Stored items
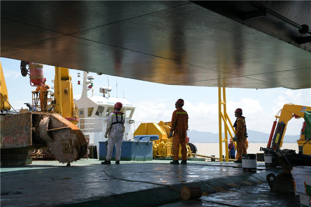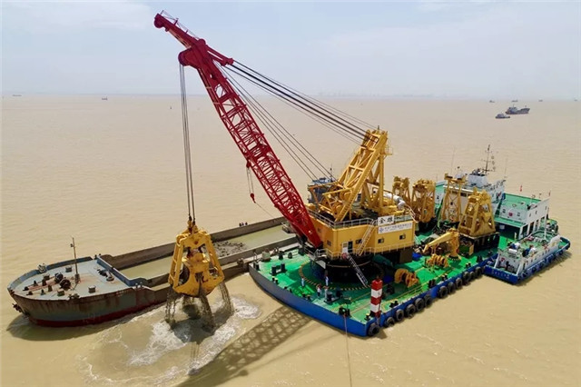 去年3月底,“金建”輪在深中通道E7管節(jié)完成深水深槽“第一鑿”;去年7月底,與“金雄”輪一同完成E7-E8管節(jié)段巖石精挖任務(wù),為深中通道沉管隧道施工掃除了第一道“攔路石”;目前在E15-E16管節(jié)海域執(zhí)行施工任務(wù)。
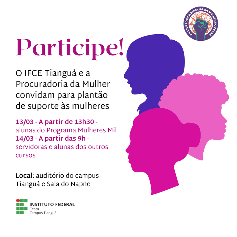IFCE Tianguá e Procuradoria da Mulher promovem evento nos dias 13 e 14/03
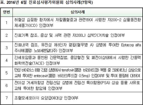 허혈성 심질환자 저칼륨혈증 치료 시 심율동전환제세동기(ICD) 인정 여부와 테노포비르(제품명 비리어드)를 복용중인 만성 B형간염 환자에게 크레아티닌 상승을 이유로 교체 투약한 엔테카비르(제품명 바라크루드) 인정 여부 등이 포함됐다.
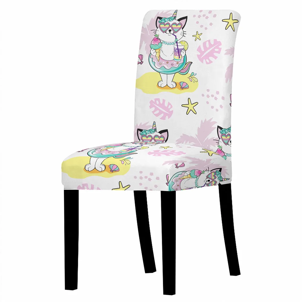 Чехлы с мультяшными животными для стула стрейч для столовой, отеля, банкета, стула, защитный чехол
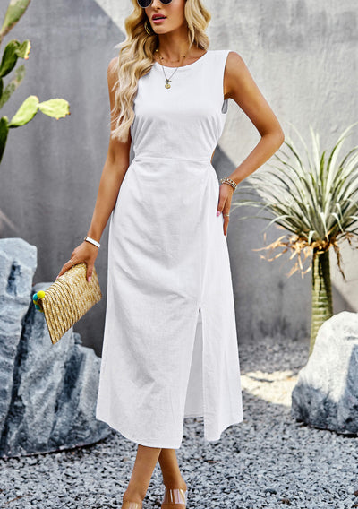 Get ready to stun in this Lunch Date Sleeveless Slit Midi Dress! Made with breathable soft cotton fabrication, this dress features a playful side waist cut-out for a unique and fun twist. Perfect for a lunch date or any occasion, this dress will make you stand out in style.
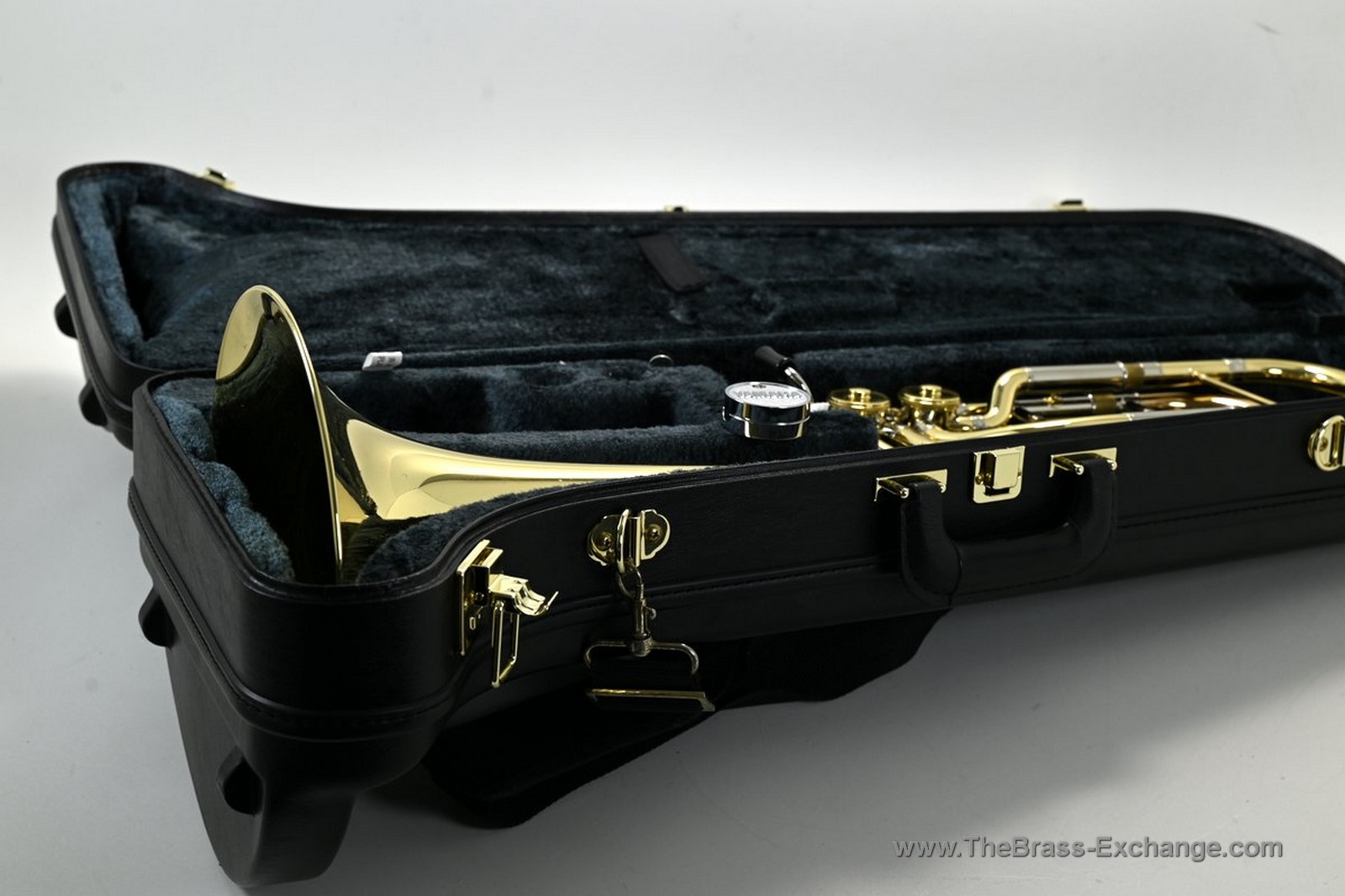 At the time of archival placement, the instrument remained in like-new structural and mechanical condition. Valve action was smooth and fast, the .562 straight-bore slide was tension-free, and the 9.5" yellow-brass bell exhibited only faint cosmetic marks common to light professional ownership. Included with the instrument was the original Yamaha flight case and optional balance weight.
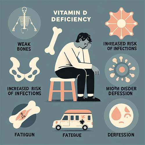 비타민D 부족이 장기화되면, 뼈의 약화와 관련된 더 심각한 조건들이 나타날 수 있습니다. 어린이에서는 구루병이, 성인에서는 골연화증이 발생할 수 있으며, 이는 뼈가 부드러워지고 쉽게 변형될 수 있음을 의미합니다. 또한, 연구에 따르면 비타민D 부족은 우울증과 같은 정신 건강 문제와도 연관이 있을 수 있습니다.
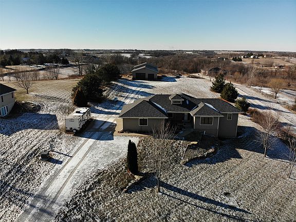 Welcome to your dream home, nestled on a peaceful 3.25-acre lot that perfectly blends comfort and luxury. This custom-built ranch is thoughtfully designed with durable 2x6 construction, offering both efficiency and long-lasting quality. Unwind by the gas fireplace in the sunken family room, ideal for cozy nights and entertaining. The kitchen provides abundant counter space and cabinetry, perfect for preparing meals, especially during the holidays. The dining area opens to a newer composite deck and two concrete patios ideal spots for outdoor gatherings while enjoying the tranquil, tree-lined views. This home features three spacious bedrooms, including a master suite with a walk-in closet and a luxurious bath complete with a Jacuzzi tub and double vanity. The finished walkout basement offers a large family room, an additional bedroom, a kitchenette, and a recreational area—ideal for guests or family activities. For those seeking extra space, the 40x64 insulated pole barn is fully equipped with electric and propane heating, a sink, and a spacious loft area perfect for relaxation and entertainment. With ample workspace and room for vehicles, this barn also provides space for a workshop. Located just off the pavement within the Southeast Polk School District, this property offers privacy and the beauty of country living while remaining close to a variety of amenities. Your personal retreat is waiting!
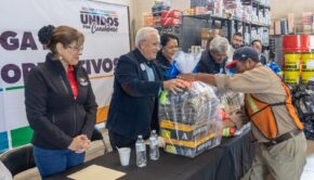 Cd. Cuauhtémoc, Chih.- El alcalde Beto Pérez encabezó la entrega de 412 paquetes de uniformes al mismo número de empleados

● TASK PROMPT
The preceding entries are to be written out again exactly, with the pictures removed.

● ANSWER BOX
 去年3月底,“金建”輪在深中通道E7管節(jié)完成深水深槽“第一鑿”;去年7月底,與“金雄”輪一同完成E7-E8管節(jié)段巖石精挖任務(wù),為深中通道沉管隧道施工掃除了第一道“攔路石”;目前在E15-E16管節(jié)海域執(zhí)行施工任務(wù)。
IFCE Tianguá e Procuradoria da Mulher promovem evento nos dias 13 e 14/03
 허혈성 심질환자 저칼륨혈증 치료 시 심율동전환제세동기(ICD) 인정 여부와 테노포비르(제품명 비리어드)를 복용중인 만성 B형간염 환자에게 크레아티닌 상승을 이유로 교체 투약한 엔테카비르(제품명 바라크루드) 인정 여부 등이 포함됐다.
 Чехлы с мультяшными животными для стула стрейч для столовой, отеля, банкета, стула, защитный чехол
 Get ready to stun in this Lunch Date Sleeveless Slit Midi Dress! Made with breathable soft cotton fabrication, this dress features a playful side waist cut-out for a unique and fun twist. Perfect for a lunch date or any occasion, this dress will make you stand out in style.
 At the time of archival placement, the instrument remained in like-new structural and mechanical condition. Valve action was smooth and fast, the .562 straight-bore slide was tension-free, and the 9.5" yellow-brass bell exhibited only faint cosmetic marks common to light professional ownership. Included with the instrument was the original Yamaha flight case and optional balance weight.
 비타민D 부족이 장기화되면, 뼈의 약화와 관련된 더 심각한 조건들이 나타날 수 있습니다. 어린이에서는 구루병이, 성인에서는 골연화증이 발생할 수 있으며, 이는 뼈가 부드러워지고 쉽게 변형될 수 있음을 의미합니다. 또한, 연구에 따르면 비타민D 부족은 우울증과 같은 정신 건강 문제와도 연관이 있을 수 있습니다.
 Welcome to your dream home, nestled on a peaceful 3.25-acre lot that perfectly blends comfort and luxury. This custom-built ranch is thoughtfully designed with durable 2x6 construction, offering both efficiency and long-lasting quality. Unwind by the gas fireplace in the sunken family room, ideal for cozy nights and entertaining. The kitchen provides abundant counter space and cabinetry, perfect for preparing meals, especially during the holidays. The dining area opens to a newer composite deck and two concrete patios ideal spots for outdoor gatherings while enjoying the tranquil, tree-lined views. This home features three spacious bedrooms, including a master suite with a walk-in closet and a luxurious bath complete with a Jacuzzi tub and double vanity. The finished walkout basement offers a large family room, an additional bedroom, a kitchenette, and a recreational area—ideal for guests or family activities. For those seeking extra space, the 40x64 insulated pole barn is fully equipped with electric and propane heating, a sink, and a spacious loft area perfect for relaxation and entertainment. With ample workspace and room for vehicles, this barn also provides space for a workshop. Located just off the pavement within the Southeast Polk School District, this property offers privacy and the beauty of country living while remaining close to a variety of amenities. Your personal retreat is waiting!
 Cd. Cuauhtémoc, Chih.- El alcalde Beto Pérez encabezó la entrega de 412 paquetes de uniformes al mismo número de empleados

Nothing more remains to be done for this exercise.